For an example of a sparse graph of varying density, see chapter 8 of Advanced Java Programming By David Wallace Croft from APress: http://www.apress.com/game-programming/java/9781590591239

He uses a circular graph of increasing sparseness in a demo tank game with an a* algorithm driving the enemy tanks.

Another sparse graph approach is to populate the graph with only way-points of interest. For example, to plot a route across a simple campus of buildings, only entrances, exits, and corners are important. Points along the side of a building or in the open space between are not important, and can be omitted from the search graph. A more detailed map might need more way-points--such as a circle of nodes around a fountain or statue, or where paved paths intersect.

Here's a diagram showing the paths between waypoints.

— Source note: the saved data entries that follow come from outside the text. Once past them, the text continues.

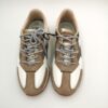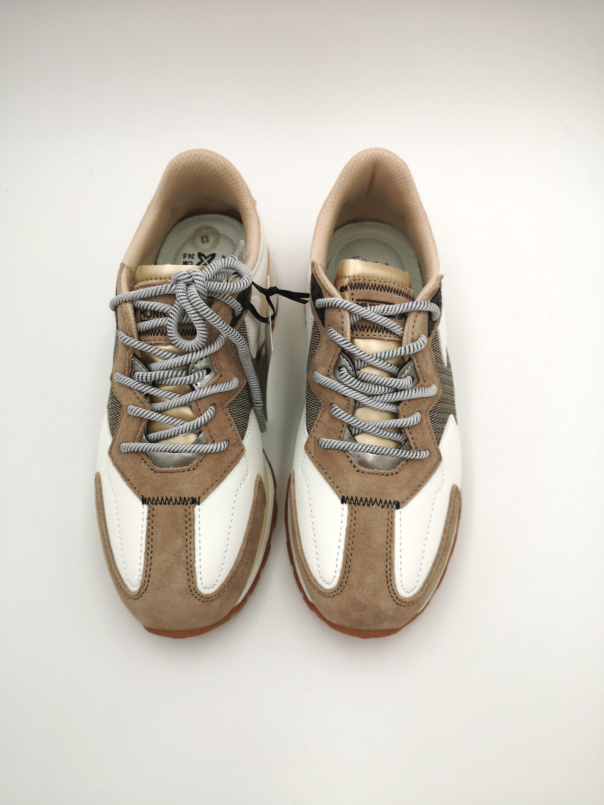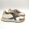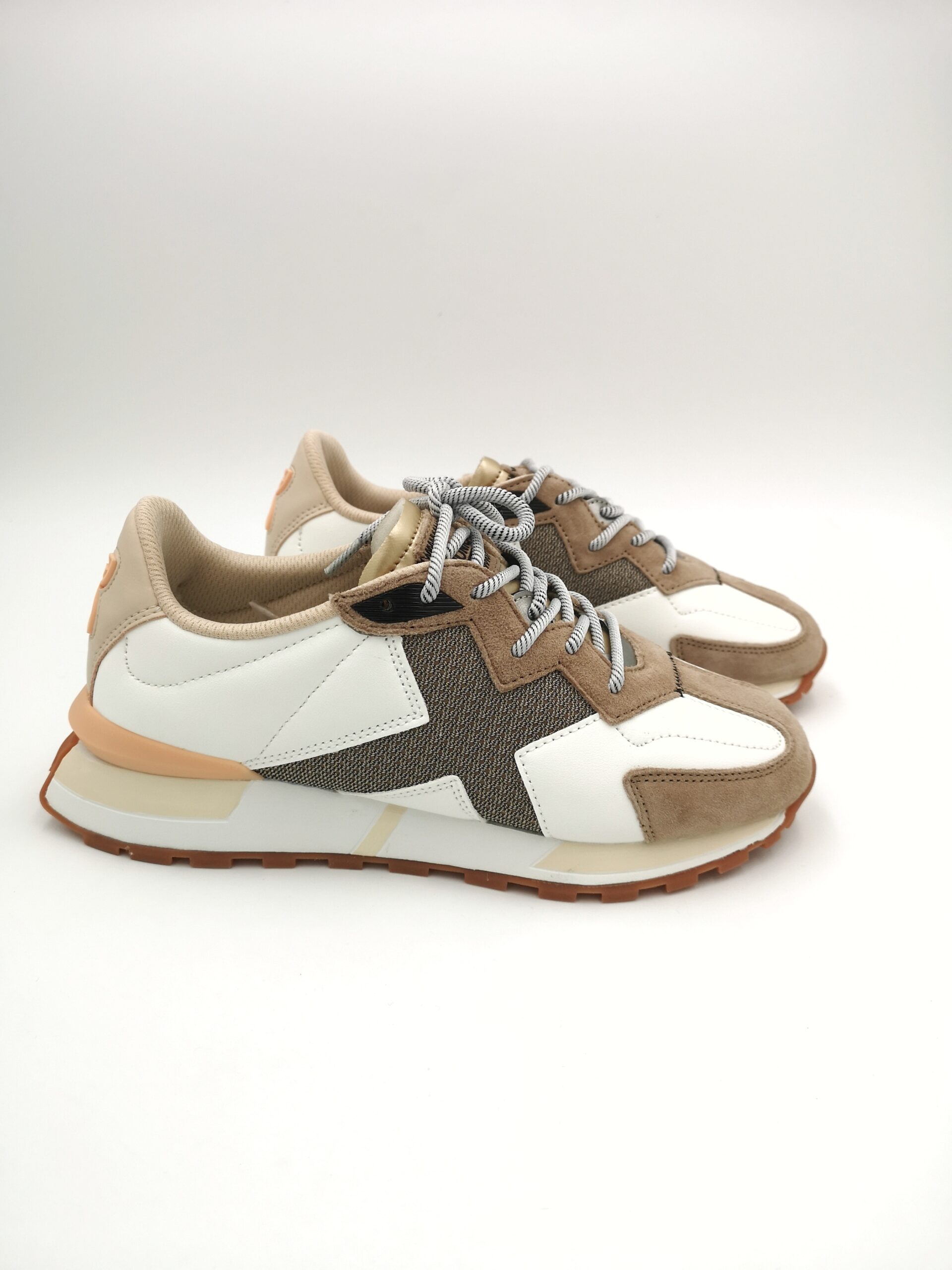Zapatilla de cordon combinada piel blanca y ante beige.
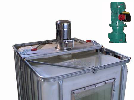 Oft müssen nach Transport und Lagerung abgesetzte Bestandteile in den IBC-Containern vor der Weiterverarbeitung aufgerührt werden. Mit stationären oder mobilen Containerrührern oder -rührwerken können einfache Produktionsschritte, wie Verdünnen oder Konfektionieren, direkt im Container selbst durchgeführt werden. Deshalb sind einfache Containerrührwerke mit verstellbaren Traversen und höhenverstellbaren Rührwerken für solche Standardaufgaben im Umgang mit niedrig- bis mittelviskosen Flüssigkeiten die wirtschaftlichste Lösung.
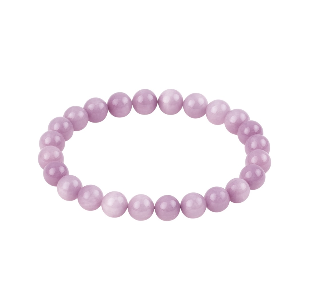 This bracelet features smooth 8mm Lavender Kunzite beads in soft lilac tones, polished to a gentle, luminous sheen. Known for its calming appearance and naturally subtle variations, each bead offers a beautiful blend of pastel purples. Strung on durable stretch cord for a comfortable fit, this piece adds a delicate, feminine touch to any jewellery collection.
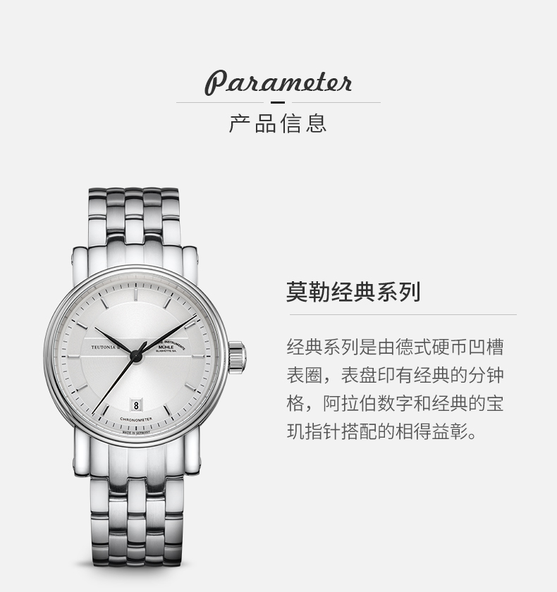 德国航海领域的专业时计 德国格拉苏蒂·莫勒 Muehle·Glashuette-经典系列-M1-30-45-MB 机械男表(天文台认证) ¥27000
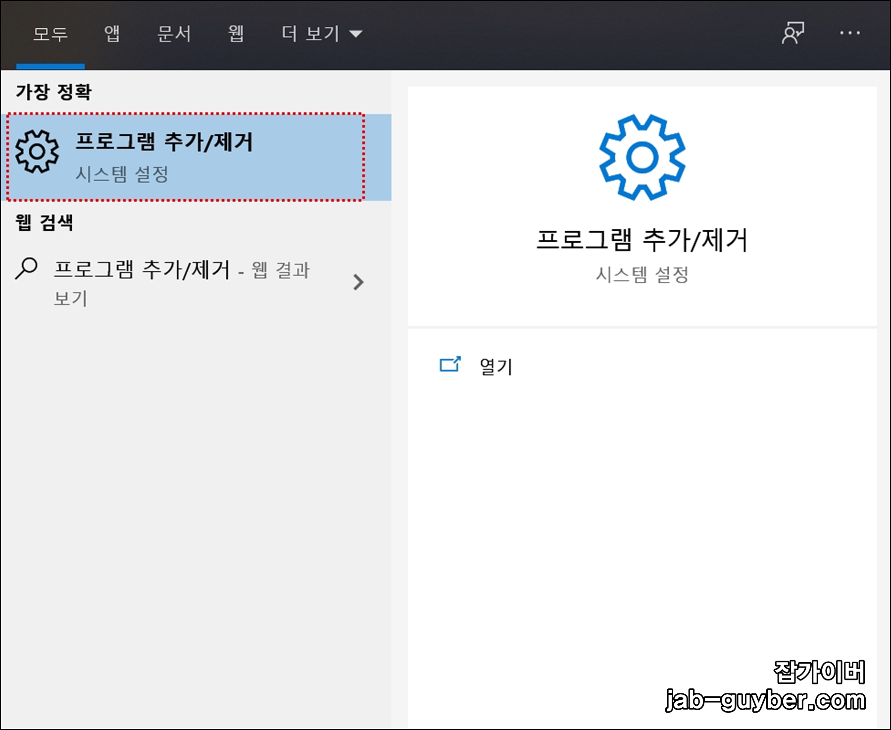- 윈도우 검색창 또는 시작 메뉴에서 프로그램 추가/제거를 입력
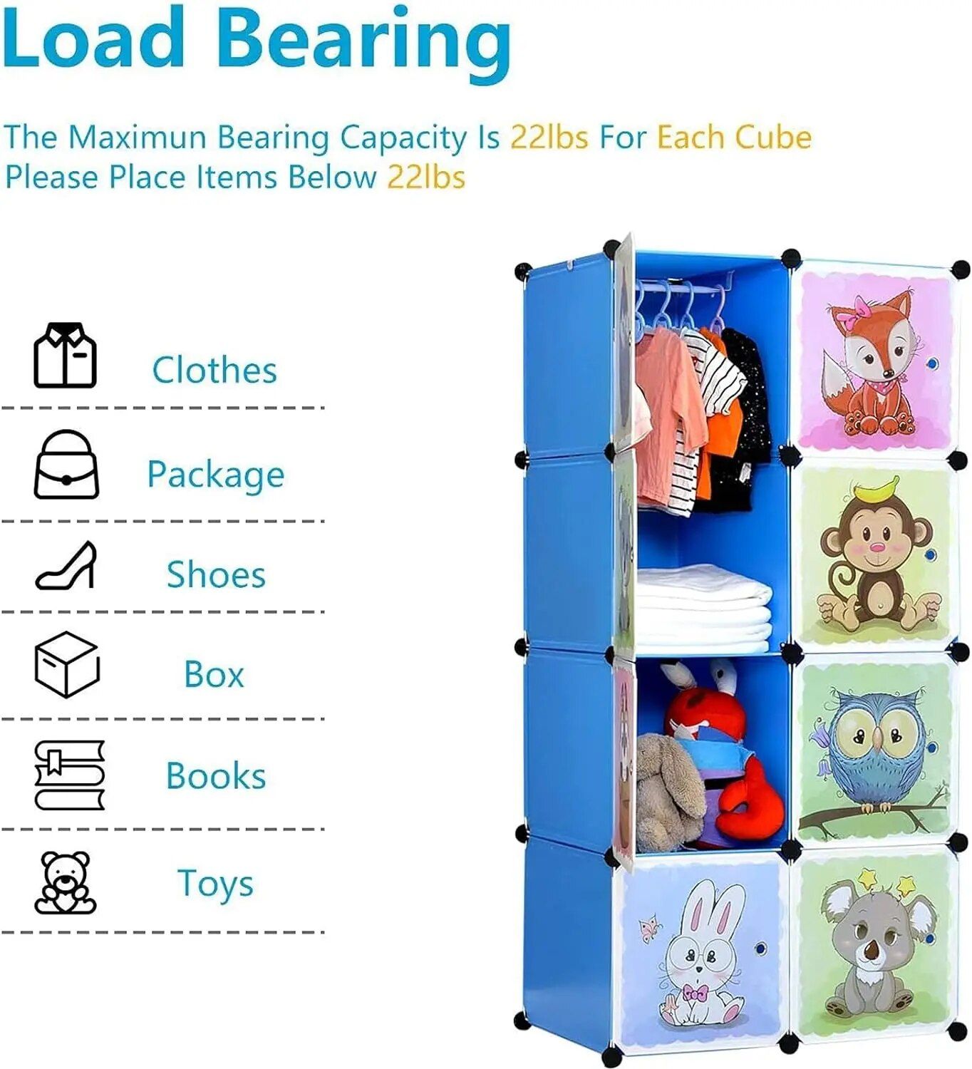 - Safety & Sturdy Wardrobe: Safety is our top priority. The panels are light and soft, making them harmless for kids. Plus, the high-quality resin composite materials with a steel frame ensure that each cube or hanging section can support up to 10 kgs, keeping everything securely in place.

Sample of building corner waypoints for path-search optimization

This was generated by the campus-buildings-path-graph model by me on turtlezero.com: http://www.turtlezero.com/models/view.php?model=campus-buildings-path-graph

It uses simple netlogo patch queries to find points of interest, like outside and inside corners. I'm sure a somewhat more sophisticated set of queries could deal with things like diagonal walls. But even without such fancy further optimization, the A* search space would be reduced by orders of magnitude.

Unfortunately, since now Java 1.7 won't allow unsigned applets, you can't run the model in the webpage without tweaking your java security settings. Sorry about that. But read the description.


A* is two heuristics; Dijkstra's Algorithm & Greedy Search. Dijkstra's Algorithm searches for the shortest path. The Greedy Search looks for the cheapest path. Dijkstra's algorithm is extraordinarily slow because it doesn't take risks. Multiply the effect of the Greedy Search to take more risks.

For example, if A* = Dijkstra + Greedy, then a faster A* = Dijkstra + 1.1 * Greedy. No matter how much you optimize your memory access or your code, it will not fix a bad approach to solving the problem. Make your A* more greedy and it will focus on finding a solution, rather than a perfect solution.

NOTE:

Greedy Search = distance from end
Dijkstra's Algorithm = distance from start

in standard A*, it will seek perfect solutions until reaching an obstacle. This video shows the different search heuristics in action; notice how fast a greedy search can be (skip to 2:22 for A*, 4:40 for Greedy). I myself had a similar issue when I first began with A* and the modified A* I outline above improved my performance exponentially. Moral of the story; use the right tool for the job.


If you plan to reuse the same map multiple times, some form of pre-processing is usually optimal. Effectively, you work out the shortest distances between some common points, and add them to the graphs as edges, this will typically help a* find a solution more quickly. Although its more difficult to implement.

E.g. you might do this for all motorway routes in a map of the UK, so the search algorithm only has to find a route to a motorway, and from the motorway junctions to its destination.


I can't tell what the actual cause of the observed slowlyness might be. Maybe it's just due to shortcomings in efficiency imposed by the programming language at hand. How did you measure your performance? How can we reproduce it?

Besides that, the heuristic (distance metric) being used has a large influence on the amount of exploration that is done in order to find the optimal path and thus also influences the perceived efficiency of the algorithm.

In theory you have to use an admissible heuristic, that is, one that never overestimates the remaining distance. In practice, depending on the complicatedness of the maze, a conservative choice for a 2d grid maze, like manhattan distance, might significantly underestimate the remaining distance. Therefore a lot of exploration is done in areas of the maze far away from the goal. This leads to a degree of exploration that resembles much rather that of an exhaustive search (e.g., Breadth-First Search), than what one would expect from an informed search algorithm.

This might be something to look into.

Also have a look at my related answer here:

  • https://stackoverflow.com/a/16656993/1025391

There I have compared different heuristics used with the basic A-Star algorithm and visualized the results. You might find it interesting.